Theresa Jones has submitted over 100 conference proceedings abstracts, several of which have been peer reviewed. Additionally, she was invited to about 65 external lectures and symposia to present her research and work.

== Awards and honors ==
Theresa Jones has been awarded research funding for numerous research initiatives from the National Institute of Neurological Disorders and Stroke, the Department of Defense, and the National Institutes of Health. Some of these include "Cortical Stimulation to Enhance Experience-Dependent Plasticity After Stroke", "Cognitive Neurorehabilitation to Enhance Recovery After Stroke", "Neural Plasticity and Neurorehabilitation Following Traumatic Brain Injury", and "Cortical Stimulation to Enhance Recovery After Stroke". The most recent research topics for which she has been awarded funding include "Neural Mechanisms of Compensating for Brain Damage", "Neurovascular Mechanisms of Time-Dependencies in Stroke Rehabilitation", "Microscale Oxygenation Mapping During Stroke", "Optical Imaging of Baseline Blood Flow and Oxygen During Stroke", and "Cortical Stimulation to Enhance Motor Recovery Following Traumatic Brain Injury".

As a postdoctoral fellow, Theresa Jones was honored with the Donal B. Lindsley Award in Behavioral Neuroscience in 1993. She was among the Top 10 Great Dissertations awarded by the American Psychological Science in 2004. In 2006, she was named both a Raymond Dickson Centennial Teaching Fellow and an American Psychological Association Fellow. Theresa received the President's Associates Teaching Excellence Award in 2012 for her work at the University of Texas at Austin. In 2013, she was named an Association for Psychological Science Fellow.
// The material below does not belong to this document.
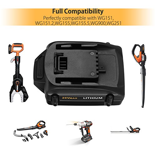 Powerextra 20 Volt MAX 4.0Ah WA3520 Replacement Battery for WG151s, WG155s, WG251s, WG255s, WG540s, WG545s, WG890, WG891 Lithium Battery

Most recently, Theresa Jones was honored with the Harry Ransom Award for Teaching Excellence in 2014.

Theresa Jones is a member of numerous regional and national level committees such as the NIH Clinical Neuroscience and Disease and Acute Neural Injury and Epilepsy study sections, LoneStar Preclinical Stroke Consortium, and APA Committee on Animal Research and Ethics. She also has numerous positions on departmental and university committees such as the Psychology Department Executive Committee, Behavioral Neuroscience Search Committee, and Institutional Animal Care and Use Committee.